Would Mujib be hanged for treason? Or would he be set free as a matter of political expediency although he was under a sentence of death by hanging in a Military Court in Pakistan?

We were all fully aware that Pakistan was weighing if Mujibur Rahman alive would be more useful than Mujibur Rahman dead.

Now the question was: How to get insights into the inner thinking of Bhutto on the immediate future of Mujibur Rahman. Many channels were opened by India’s Security Services positioning listening posts all over the key centres of power in the GHQ in Rawalpindi.

Meanwhile K Sankaran Nair, the Acting Chief of RAW, came up with an uniquely bright idea. Why not persuade Laila Hussain to tactfully broach the subject of Mujib’s release with Bhutto. This could be done in London on his way back home from the US. Nair had professional knowledge that Zulfiquar Ali and Laila Hussain were long standing intimate friends who moved closely in the rarefied circles of Pakistani high society. If anybody would, it was only she who could. Why? Laila’s husband Muzaffar Hussain, till recently the Chief Secretary of East Pakistan Govt. was a POW in New Delhi and he was staying with DP Dhar the Foreign Secretary.
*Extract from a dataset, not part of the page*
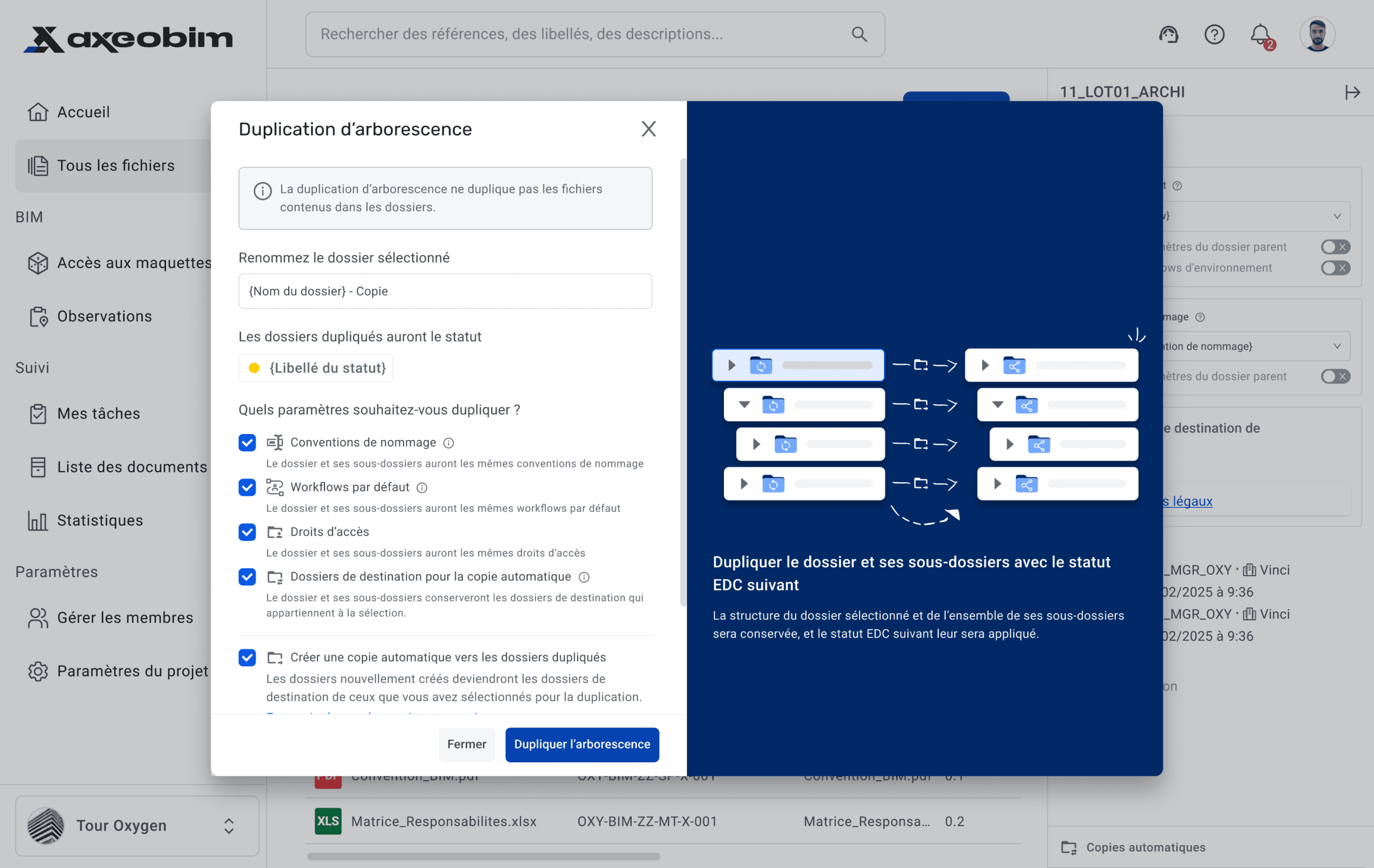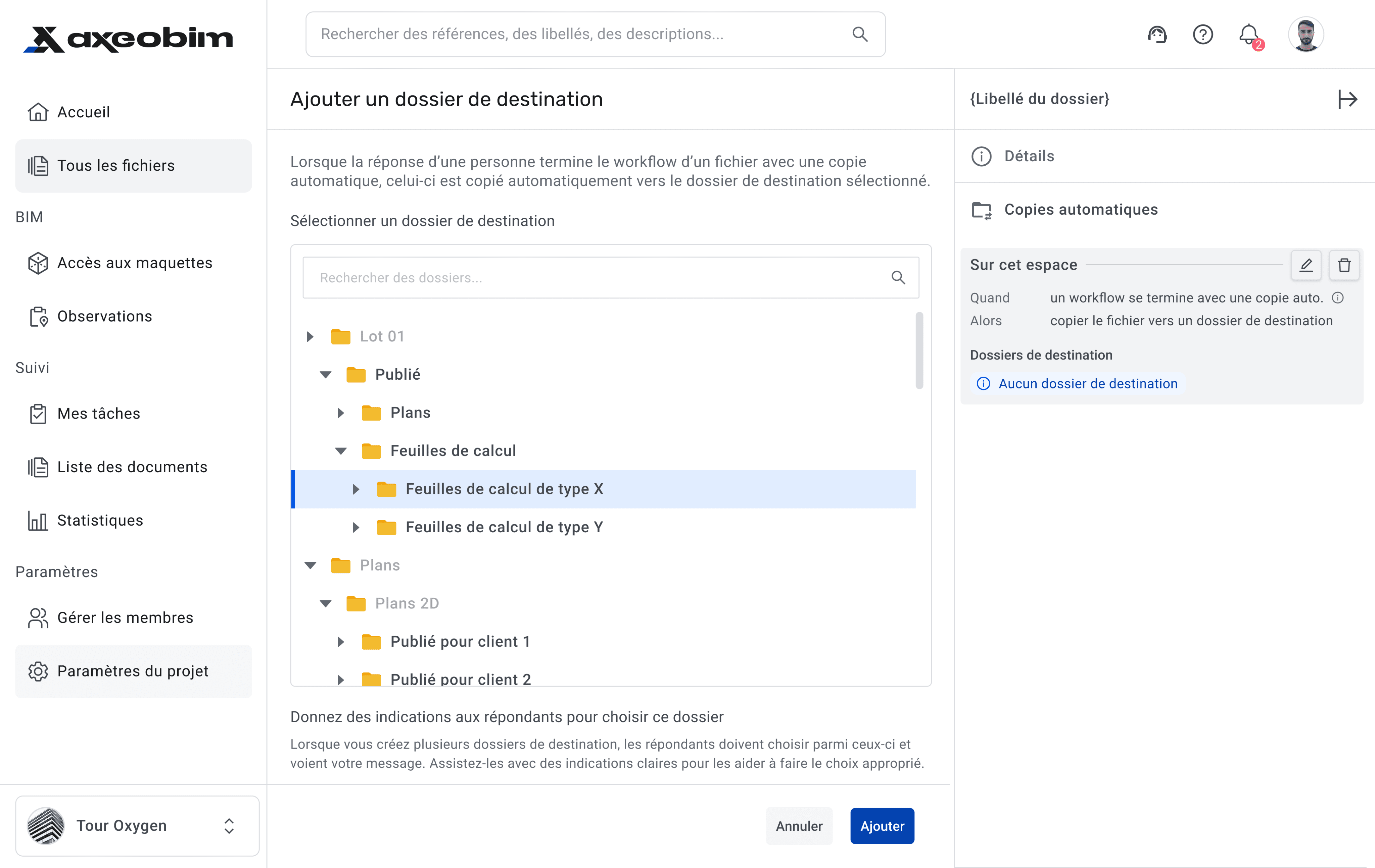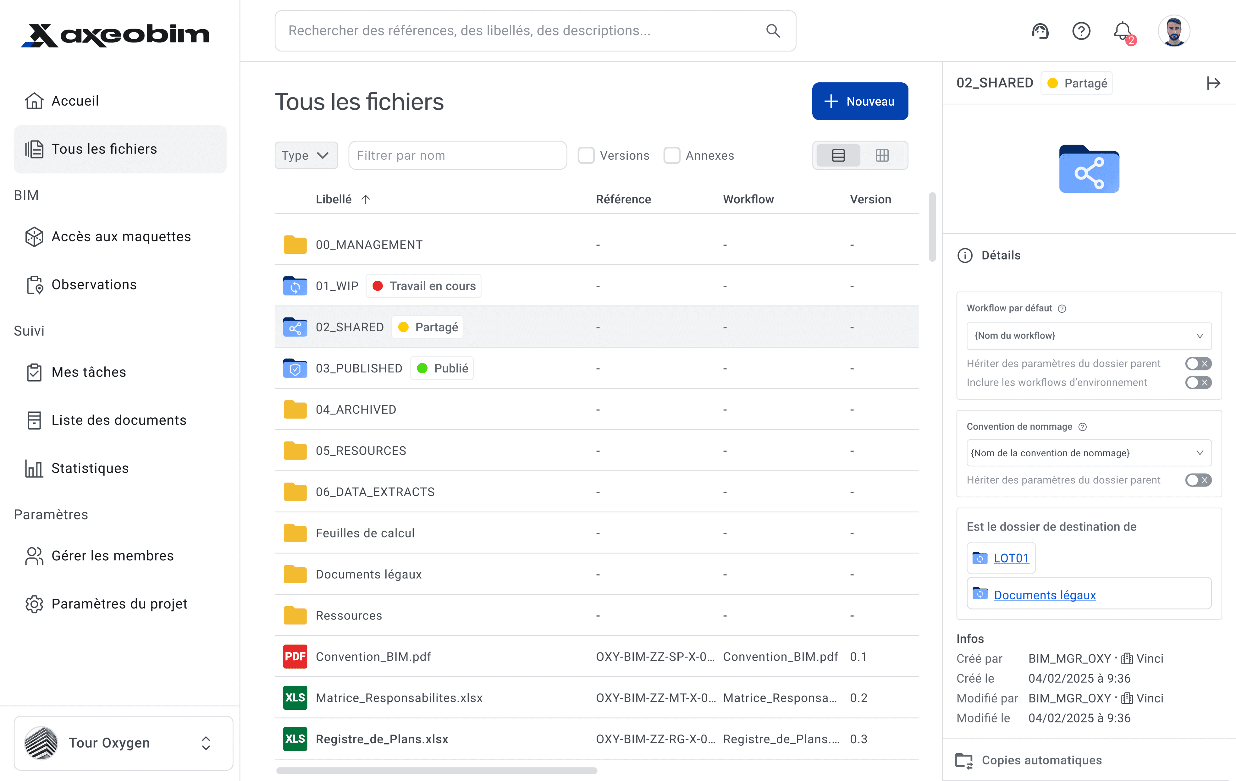 AxeoBIM est une application de stockage de fichiers et de collaboration dédiée aux projets de construction de grande envergure : à mi-chemin entre un Jira et un Dropbox, adapté aux enjeux du BTP.

Since I was now acting as the Officer on Special Duty (OSD) working closely with Laila Hussain (LH) I was given the task of arranging the logistics. I gladly went forward to play the part. LH was so excited about the mission assigned to her that she brought with her a bugging device to record the event.

The operational part was put in motion successfully without too much fuss.

After ZA Bhutto arrived at Alcock and Brown Suite, the VIP Lounge those days at the Heathrow Airport, Zulfiquar Bhutto and Laila Hussain instantly came together meeting as old friends engaging in talking about subjects of common interest. The VIP Lounge had very few people there. Laila turned the subject of discussion on the India-Pakistan War, the 93000POWs and her husband Muzaffar who was a POW in India etc. Laila took an early opportunity to ask Bhutto for his personal help in securing her husband’s out of turn release from Indian custody as a POW. She suggested that her husband’s release and the release of the POWs could be combined to make Pakistan’s case so much stronger.

Bhutto was quick on the uptake. He suspected that she was briefed by her “Indian Masters” meaning Mrs Indira Gandhi (without naming her) to speak about POWs which was out of sync with her husband’s case for release. As the discussions progressed Bhutto came out with an explosive offer which stupefied Laila no end. To quote ZA Bhutto in his own words: “You may inform your Masters in Delhi that after taking over as CMLA , I will release Mujibur Rahman not long thereafter.

What I want in return I will convey to her in due course through other channels. You can go now.” The meeting lasted abruptly.

This sensational breaking news item was communicated to Delhi by me through the fastest diplomatic channels available. The waiting game started immediately. When the news reached the table of Mrs Indira Gandhi in her South Block office, her reaction was cautious ” Let us wait and see”.

True to his words, Bhutto released Mujibur Rahman from Mianwali Prison on 7 January 1972. He reached Dhaka visiting New Delhi on his way on 9 January 1972. Mujib took over as Prime Minster of Bangladesh on 12 January 1972.

In a return gesture of goodwill, PM Indira Gandhi unconditionally released all 93000 soldiers and civilians including Laila Hussain’s husband Muzaffar Hussain. The occasion was Shimla Agreement signed on 2 July 1972 and the venue was Shimla. One notable presence was Benazir Bhutto, Zulfiquar Ali’s daughter who was to become Prime Minister of Pakistan later in life.



Views expressed above are the author’s own.